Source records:
========================================

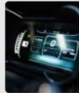
PANEL DIGITAL DE INSTRUMENTOS 12.3"
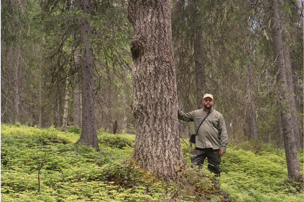
Största aspen mätte ca 70 cm i diameter i brösthöjd!
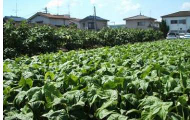
②くawaii畑（福山特産・日本一） いちじく畑
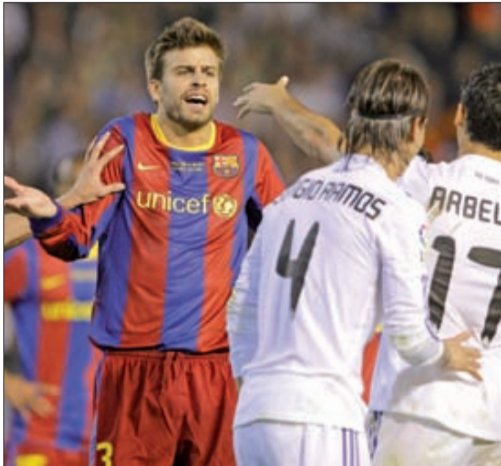
Los dos 'grandes' se jugarán el primer título de la temporada

Después de una temporada en la que se convirtieron en los grandes protagonistas y en la que compararon los títulos más importantes, azulgranas y merengues vuelven a cruzar sus caminos para decidir el primer título de un curso en el que prometen volver a estar en los primeros
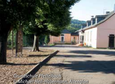
Grundschule Pfeffelbach
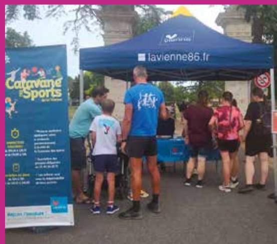
Caravane des sports
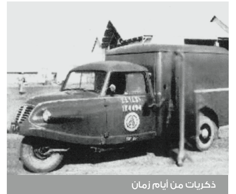
ذكريات من أيام زمان
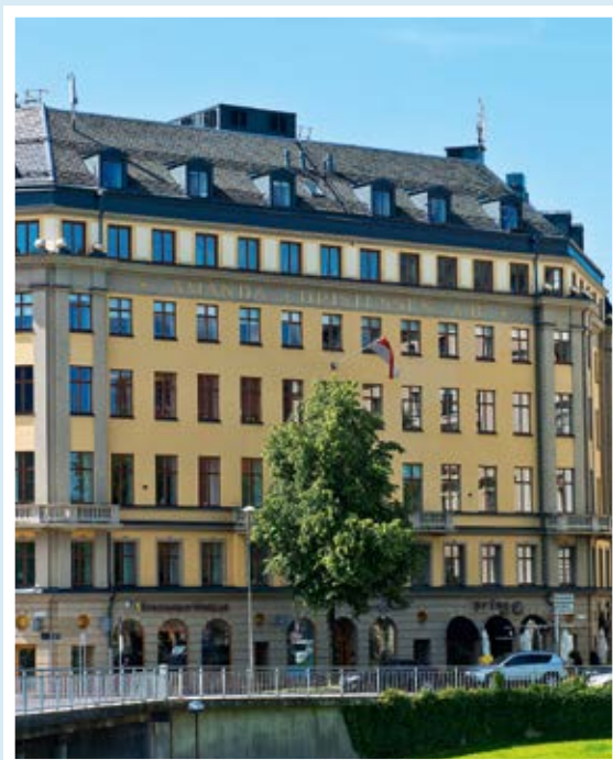
Kv. Drabanten 2, Kungsbroplan.
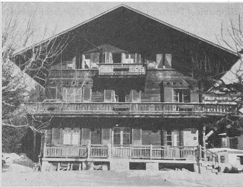
Villars sur Ollon Chalet St-Pierre mit Werktagkapelle
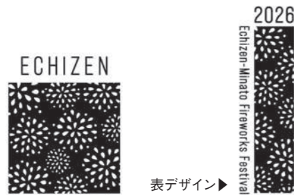
裏デザイン▶▶▶ 表デザイン▶▶▶

「越前みなと大花火」オリジナルTシャツを販売します 7月18日(出)に行われる越前の夏の風物詩「越前みなと大花火2026」この海と、40回目の夏。」にあわせて、実行委員会がオリジナルTシャツを製作・販売します。 今年も子ども用から大人用まで、豊富なサイズをご用意しました。 花火会場で着用して、記念すべき40回目の夏と一緒に盛り上げましょう！ サイズ・販売価格 110〜2L 1,500円(税込) 3L・4L 1,800円(税込)
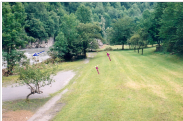
Photo du recensement d'origine.
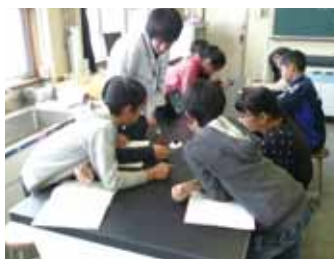
理科実験授業の様子2
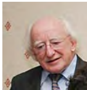
מיכאל ד. היגנס

16. מיכאל ד. היגנס (Michael D Higgins) – יליד 1941 אירלנד. חבר במפלגת הלייבור האירית. נשיא המפלגה והדובר לענייני חוץ. שר האומנויות והתרבות לשעבר.
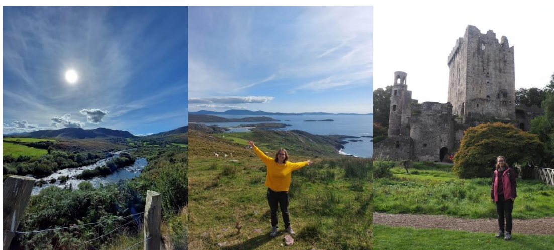
Imatges 2 i 3: Cliffs of Moher. Imatge 4: Ring of Kerry. Imatge 5: Ring of Kerry (Gap of Dunloe). Imatge 6: Blarney Castle.
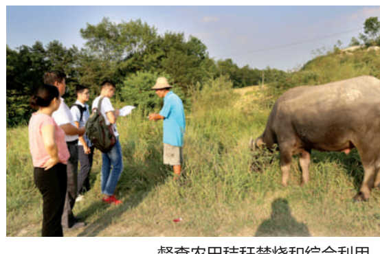
督查农田秸秆焚烧和综合利用
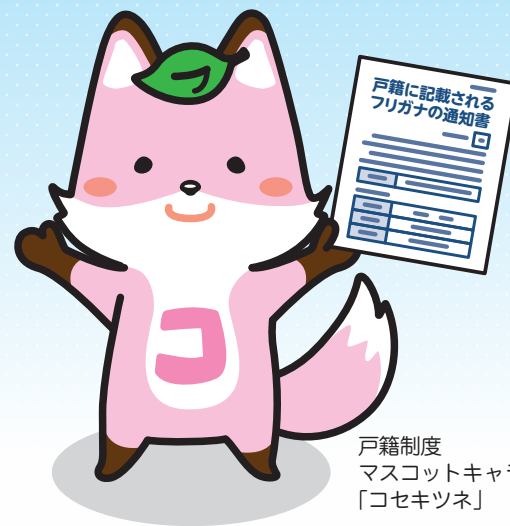
戸籍制度 マスコットキャラクター 「コセキツネ」
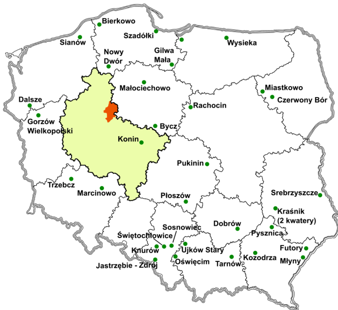
Ryc. 3. Lokalizacja składowisk odpadów zawierających azbest na tle województwa wielkopolskiego i powiatu wągrowieckiego

W załączniku do niniejszego opracowania zamieszczono również wykaz wszystkich składowisk odpadów wraz ze wskazaniem ich zarządców.
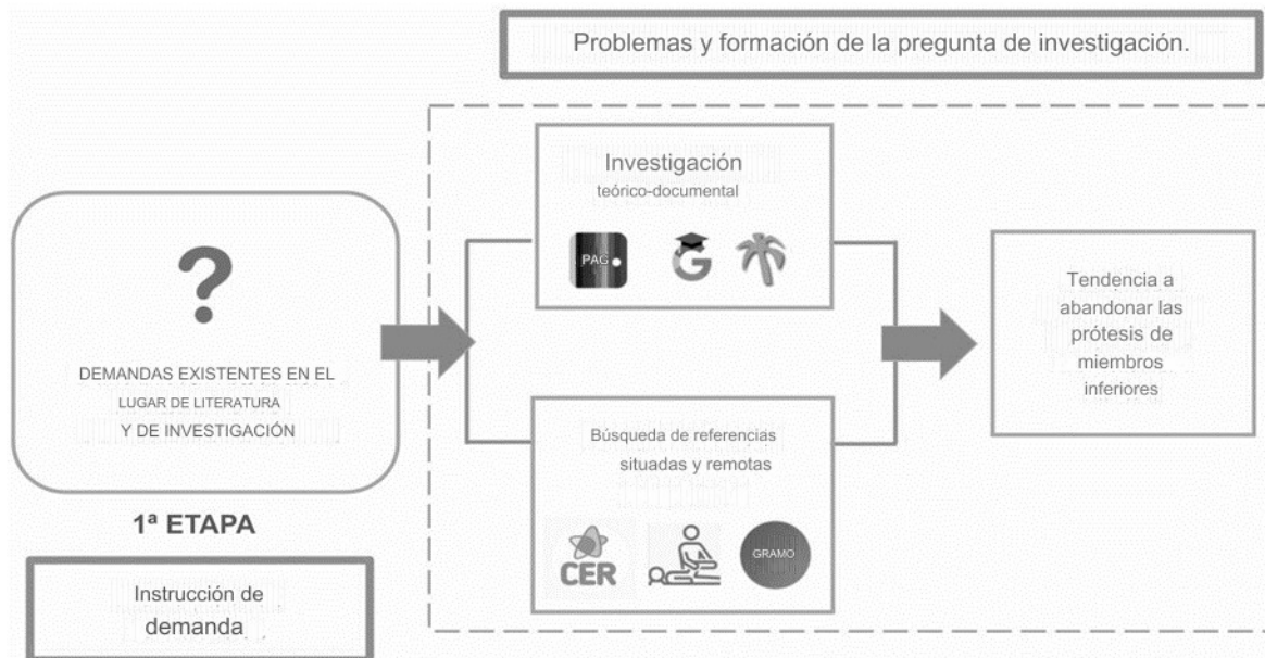
Figura 1. Esquema de instrucción de demanda
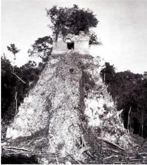
1/Templo en 1878 cuando «descubrieron» la ciudad de Tikal
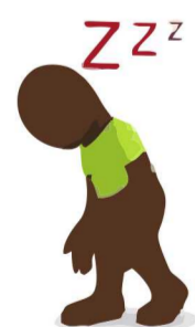
Fraqueza e mal estar Faiblesse et malaise
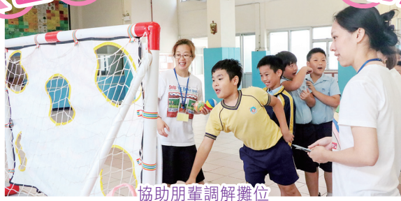
協助朋輩調解攤位
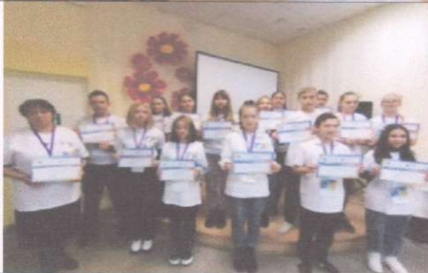
Фотография реализации профориентационной программы 7 день
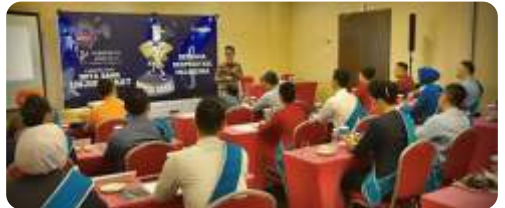
DUTA BANK NASIONAL
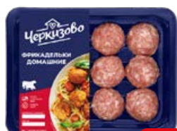
Фрикадельки ЧЕРКИЗОВО Домашние, 360 г
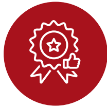
Calidad ISO 9001
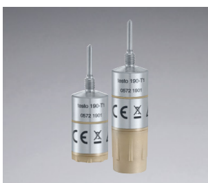
Grote of kleine batterij
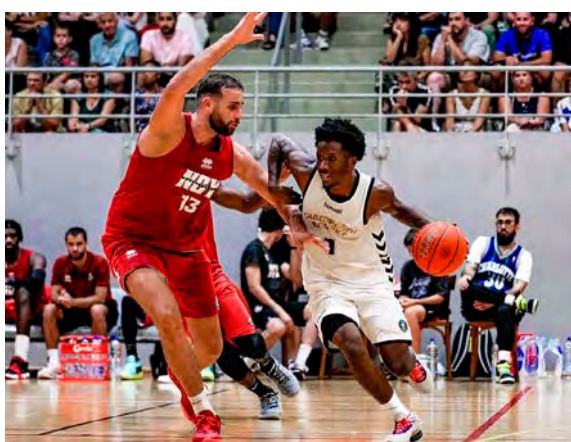
Totalemment dépassée à Nancy, l'union marnaise doit montrer un autre visage face à Bruxelles et Rouen.

Les trois derniers tests se joueront tous à l'extérieur : à Bruxelles (BNXT League), le samedi 31 août, à Charleroi (BNXT League), le dimanche 1er septembre, et à Gries-Souffel (Pro B), le samedi 7 septembre.

========================================

Problem: Transcribe exactly the lines from the one with "Calidad ISO 9001" to the last line of the records, both included, so that no picture appears in the copy.

Task output:
Calidad ISO 9001
Grote of kleine batterij
Totalemment dépassée à Nancy, l'union marnaise doit montrer un autre visage face à Bruxelles et Rouen.

Les trois derniers tests se joueront tous à l'extérieur : à Bruxelles (BNXT League), le samedi 31 août, à Charleroi (BNXT League), le dimanche 1er septembre, et à Gries-Souffel (Pro B), le samedi 7 septembre.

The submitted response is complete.